Most of us in the tax preparer world have had this rather uncomfortable conversation by now. Our client calls saying they met so and so at some expo, networking event or heard them on social media talking about their business being owed a bunch of money from the IRS for the Employee Retention Credit.
There are pop up ERTC “processors” coming out of the woodwork and even advertising now. I personally see an ad on social media in addition to receiving a call on my office line at least once per week. It sounds attractive to our clients no doubt, up to $26,000 per employee in seemingly “free” money.
But as most of us know, if it seems too good to be true, it probably is.
The conversation gets dicey when we, as EAs and CPAs fielding these types of questions, have to politely explain to our clients why they don’t qualify for these credits. Pop up shops around the country are calculating credits with no real due diligence and using bogus claims to help clients “qualify” on the surface. We are made to look like the bad cop when we swoop in and suggest that our client isn’t entitled to millions in free funds.
These shops have a lot of red flags and it may help to point some out to your clients. For one, most of them have contracts that absolve them of any liability should the credits turn out to not be legitimate or have issues later on, like say under an audit.
Many of them are taking their fees (huge fees) from the credits themselves.
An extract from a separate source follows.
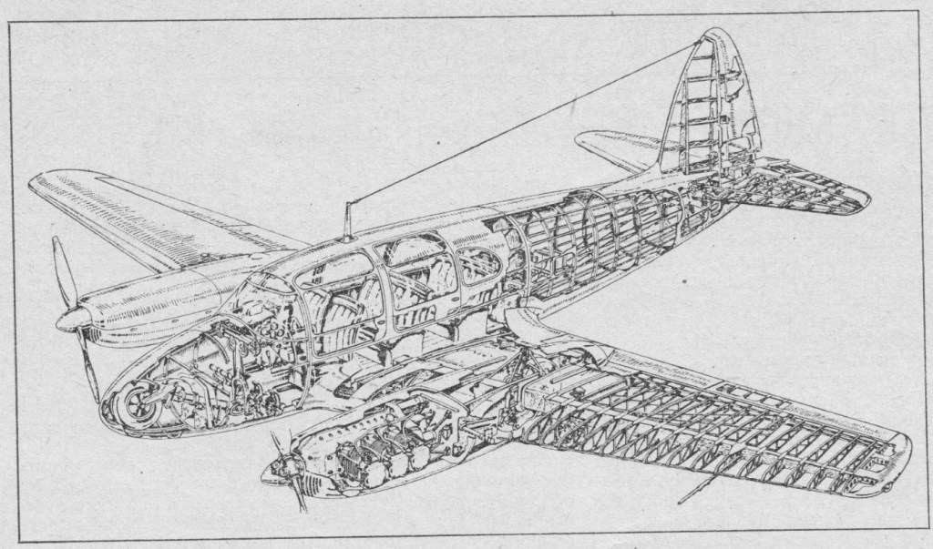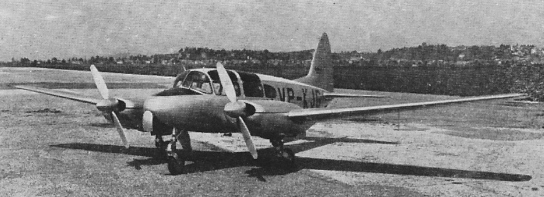 The cantilever low-wing has a NACA 2300 section and wooden single-spar covered by plywood, fitted with differential slotted ailerons and flaps. The fuselage is built in three sections with a detachable metal e cone and woo centre and rear with plywood skins. The centre section contains the cabin and baggage compartments. The wood tail section has trim tabs in the starboard elevator and rudder. The undercarriage is retractable with the fully swivelling nose wheel retracting backwards into the nacelles.

In other words, if you are audited after having to return any or all of the money, you now will have to pay back the huge chunk also paid to the pop-up firm that calculated it for you because you signed a liability waiver and they took their fee before issuing the credit to you. Some shops are not even willing to sign the forms clients have to send to the IRS.
Helping clients understand the risks might make these conversations easier. The IRS is fully aware of the rampant fraud pertaining to ERTC and crackdowns are expected to come with more force.